How old is your daughter? I can absolutely promise you that your husband will not get residence of your daughter. No way. It WON'T happen and I suspect he knows that and is just saying it to be cruel and controlling. Courts do not separate little baby girls from their loving mothers who do ALL the caring for them and give them to fathers who do NOTHING for them - a bit of depression due to your collapsing relationship will have no effect on that fact.
Go and see a solicitor. It sounds as if you need some back up regarding your rights in this situation. You don't have to physically 'leave' in order to end your marriage - you can stay with your baby and he will have to leave.

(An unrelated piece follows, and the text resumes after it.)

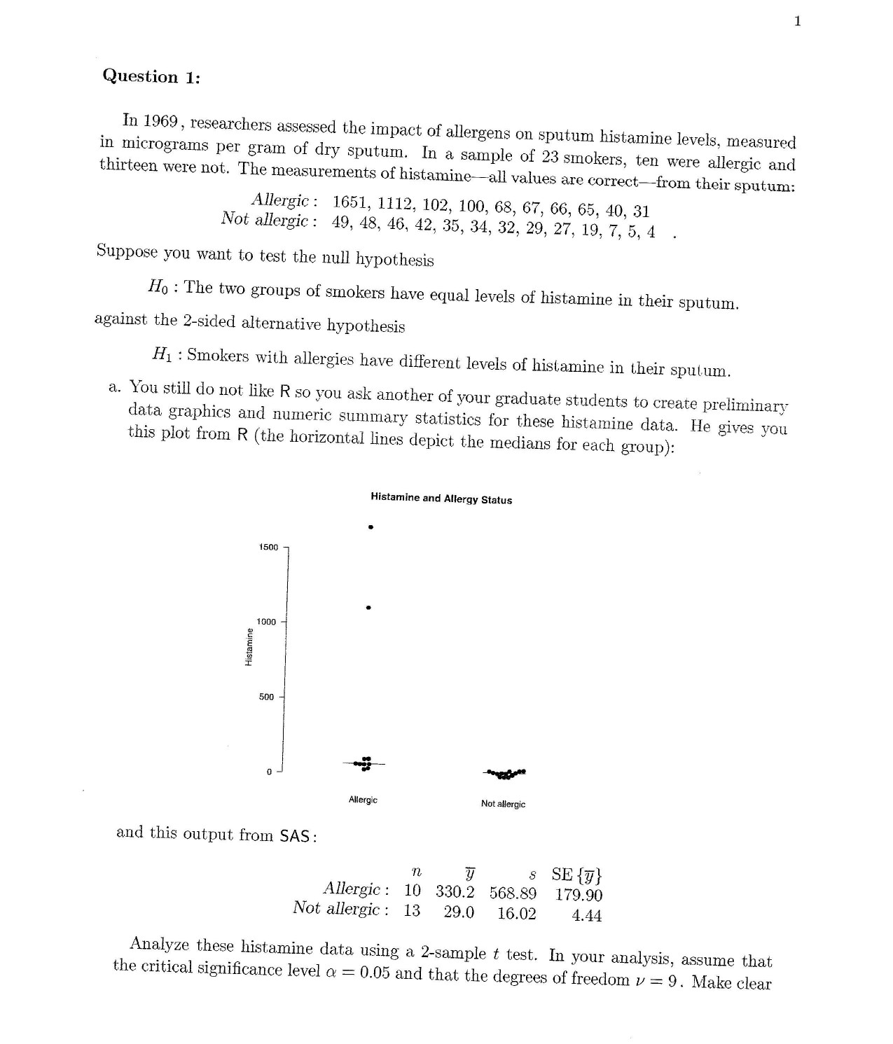 1 Question 1: In 1969, , researchers assessed the impact of aller...

lulupop · 28/12/2004 11:54

HI Zephyr, glad you had an OK Christmas but sorry about his behavious afterwards! Mine is the same - all sorts of talk of "our marriage is over" followed by him acting as though nothing ever happened. I cannot get my head round it at all. Good for you for not doing all his washing though - let him work out what it is you do all day!

Sad36, I agree with Aloha, you do need to see a solicitor. I'm going to see one myself in the new year, as even though my DH is currently in massive patch-up mode, I have no idea when the next time he'll lose it will be. I feel it's time I learnt exactly where I stand, legally, and it sounds like you might be well-advised to do the same.

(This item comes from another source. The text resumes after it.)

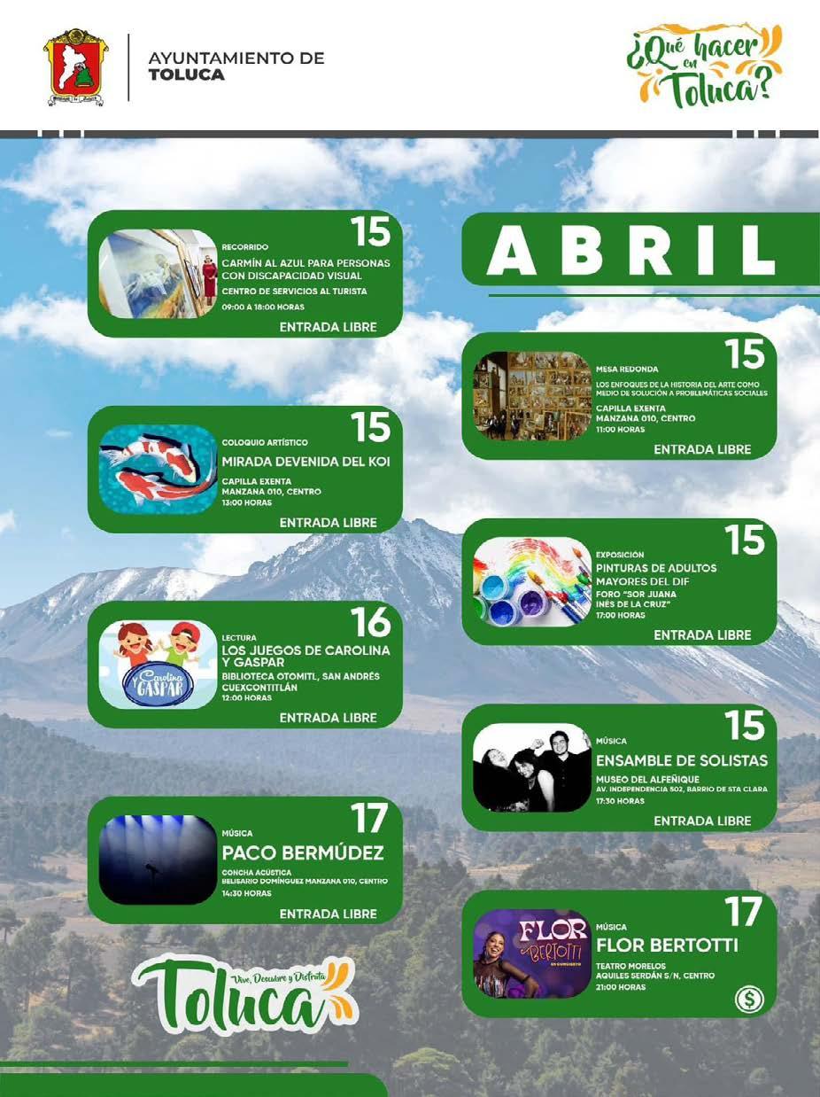 Esta semana también habrá la oportunidad de ver la belleza de las tradicionales artesanías, pues habrá una exhibición de talabartería en la Plaza artesanal Carlos Gómez. Estas actividades y muchas más son de entrada libre y para toda la familia. Por cierto, enfilándonos a la celebración del Día del Niño y de la Niña, ya empieza en “Chiquitour”. Puede consultar todos los horarios de las actividades de la Coordinación de Cultura y Turismo del Ayuntamiento de Toluca, así como la ubicación de los foros en las páginas oficiales que son Facebook: Cultura Toluca, Instagram: cultura_toluca, X: @cultura_tol.

How old is your baby? Exhaustion through lack of sleep can in itself bring on depression, IME, never mind the added stress of a crap relationship. Certainly when my DS was about 6 months, and at that point DH and I were fine, I became depressed and had a short spell on ADs as DS just did not sleep. I was so exhausted. So don't beat yourself up over how bad you're feeling - it sounds as though you're doing an amazing job just holding it all together for your little girl.

OP posts:
sad36 · 28/12/2004 12:09

My DD is 16 mths. Once we have cracked the sleeping, then we will go for the marriage sort out. I do not have the energy for both ATM. Thanks for your support - I hope we can all get some kind of positive action going in the New Year. Cliche but it is a great time for a new start

aloha · 28/12/2004 13:07

why not start a new thread about your dd's sleeping problems in the Sleep topic? I'm sure you will get lots of help and support.

stressedmummy · 28/12/2004 13:13

It sounds like we are all in similar situations at the moment, with our men.
It does help, being able to talk to others in the same situation.
All my friends seem to have great relationships, with men who are great fathers & I don't tend to talk to them much about mine, as I don't think they will understand.
I also try to make out that things are better than they really are to people I know, for some reason.
I think we all need to do some serious decision making in the new year.

lulupop · 28/12/2004 13:19

I'm with you on that one stressedmummy.

I also tend to lie to my friends about how things are - I think it's because although they know we don't have a great relationship, I'm always thinking that if I say how bad it really is, but then things do finally get better, it will make things awkward with our friends. Silly, isn't it?